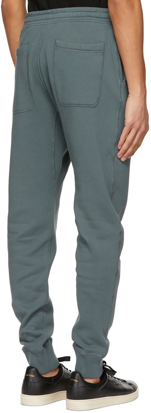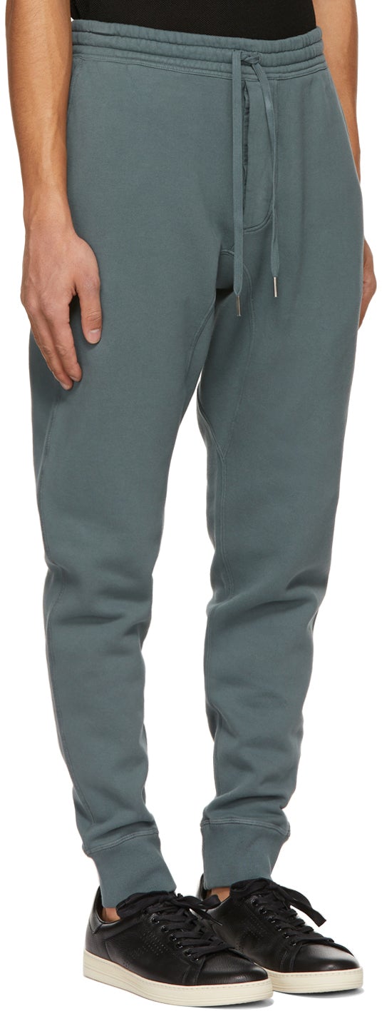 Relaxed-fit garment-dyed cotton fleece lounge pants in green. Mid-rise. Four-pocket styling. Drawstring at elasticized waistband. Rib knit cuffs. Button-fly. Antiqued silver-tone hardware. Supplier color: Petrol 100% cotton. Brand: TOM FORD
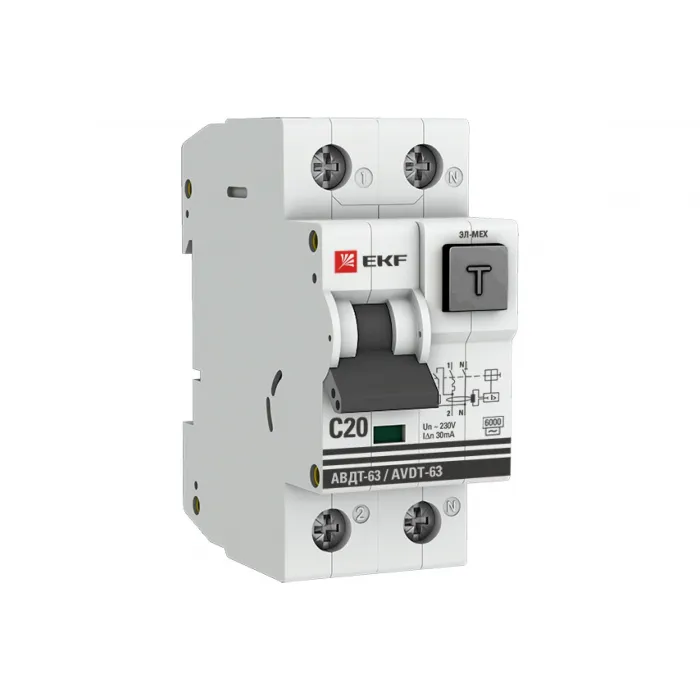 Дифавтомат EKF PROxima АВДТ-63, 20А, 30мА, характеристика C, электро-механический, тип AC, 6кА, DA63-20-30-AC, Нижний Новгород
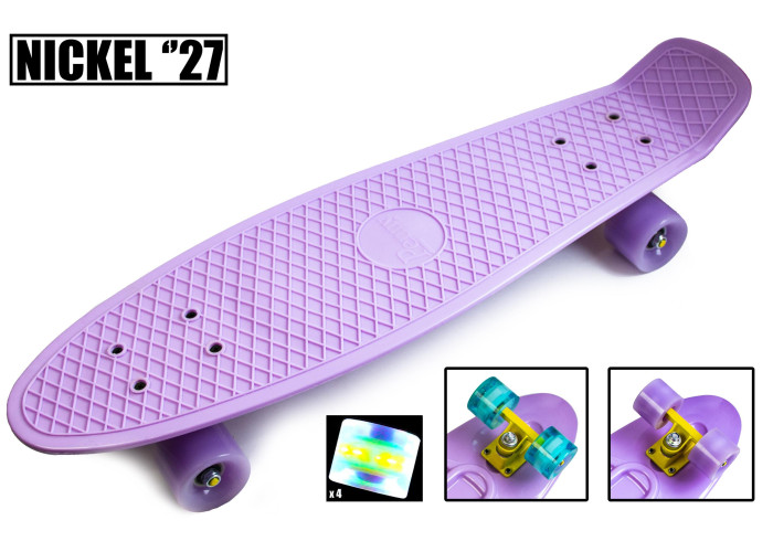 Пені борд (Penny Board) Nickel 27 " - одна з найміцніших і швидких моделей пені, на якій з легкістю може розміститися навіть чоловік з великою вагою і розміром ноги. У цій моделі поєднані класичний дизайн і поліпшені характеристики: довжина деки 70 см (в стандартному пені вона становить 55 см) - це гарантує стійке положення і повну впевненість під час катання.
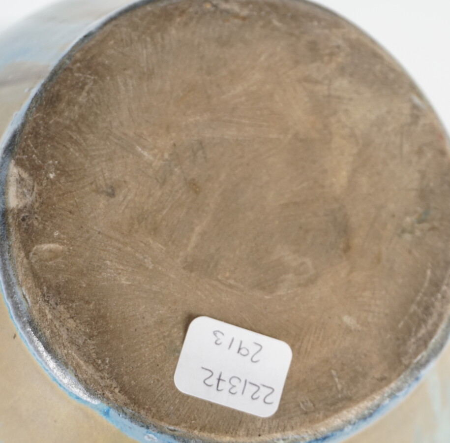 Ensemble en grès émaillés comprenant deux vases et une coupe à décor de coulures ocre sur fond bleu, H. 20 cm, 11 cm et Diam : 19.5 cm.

══════════════════════════════

- What is being asked -
Make a word-for-word repeat of the material, skipping all pictures.

- Solution to this task -
 Relaxed-fit garment-dyed cotton fleece lounge pants in green. Mid-rise. Four-pocket styling. Drawstring at elasticized waistband. Rib knit cuffs. Button-fly. Antiqued silver-tone hardware. Supplier color: Petrol 100% cotton. Brand: TOM FORD
 Дифавтомат EKF PROxima АВДТ-63, 20А, 30мА, характеристика C, электро-механический, тип AC, 6кА, DA63-20-30-AC, Нижний Новгород
 Пені борд (Penny Board) Nickel 27 " - одна з найміцніших і швидких моделей пені, на якій з легкістю може розміститися навіть чоловік з великою вагою і розміром ноги. У цій моделі поєднані класичний дизайн і поліпшені характеристики: довжина деки 70 см (в стандартному пені вона становить 55 см) - це гарантує стійке положення і повну впевненість під час катання.
 Ensemble en grès émaillés comprenant deux vases et une coupe à décor de coulures ocre sur fond bleu, H. 20 cm, 11 cm et Diam : 19.5 cm.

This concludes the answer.